- **EXERCISE REQUIREMENTS**
Transcribe the listing below exactly, leaving out each image.

- **DATASET EXTRACT**
>>>
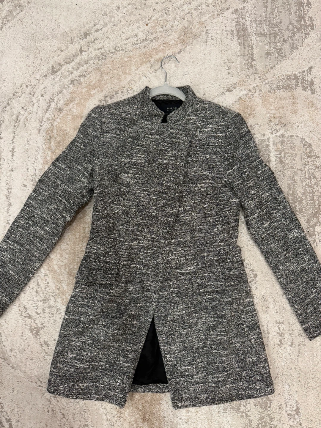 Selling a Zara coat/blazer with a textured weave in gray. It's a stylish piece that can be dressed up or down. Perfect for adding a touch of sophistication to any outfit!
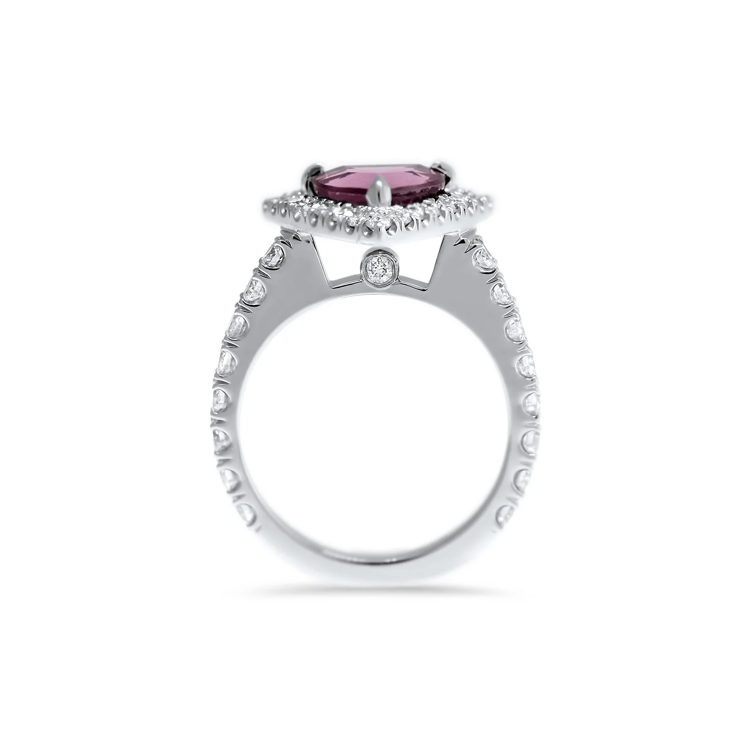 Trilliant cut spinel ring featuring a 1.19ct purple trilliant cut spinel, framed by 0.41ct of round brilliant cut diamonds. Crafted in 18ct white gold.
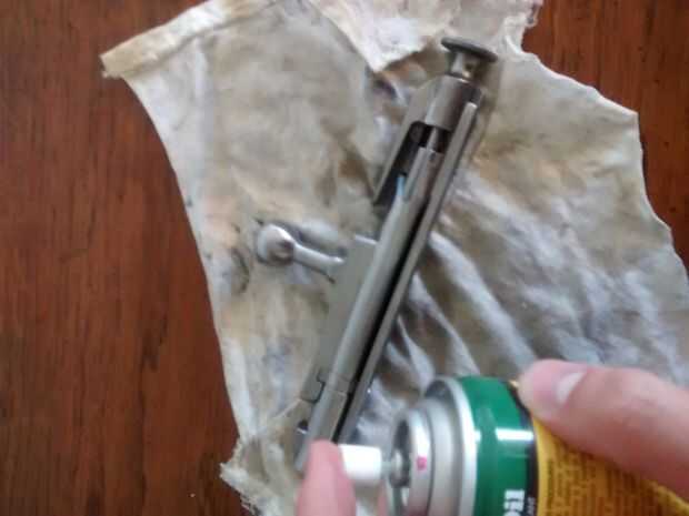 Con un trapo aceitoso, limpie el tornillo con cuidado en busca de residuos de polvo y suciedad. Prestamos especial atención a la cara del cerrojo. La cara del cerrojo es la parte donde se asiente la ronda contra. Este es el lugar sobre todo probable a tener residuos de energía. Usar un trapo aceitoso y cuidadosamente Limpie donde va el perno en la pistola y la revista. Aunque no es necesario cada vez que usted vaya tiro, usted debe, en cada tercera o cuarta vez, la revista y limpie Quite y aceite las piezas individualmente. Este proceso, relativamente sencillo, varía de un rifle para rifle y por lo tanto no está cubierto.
<<<
- **ANSWER SPACE**
 Selling a Zara coat/blazer with a textured weave in gray. It's a stylish piece that can be dressed up or down. Perfect for adding a touch of sophistication to any outfit!
 Trilliant cut spinel ring featuring a 1.19ct purple trilliant cut spinel, framed by 0.41ct of round brilliant cut diamonds. Crafted in 18ct white gold.
 Con un trapo aceitoso, limpie el tornillo con cuidado en busca de residuos de polvo y suciedad. Prestamos especial atención a la cara del cerrojo. La cara del cerrojo es la parte donde se asiente la ronda contra. Este es el lugar sobre todo probable a tener residuos de energía. Usar un trapo aceitoso y cuidadosamente Limpie donde va el perno en la pistola y la revista. Aunque no es necesario cada vez que usted vaya tiro, usted debe, en cada tercera o cuarta vez, la revista y limpie Quite y aceite las piezas individualmente. Este proceso, relativamente sencillo, varía de un rifle para rifle y por lo tanto no está cubierto.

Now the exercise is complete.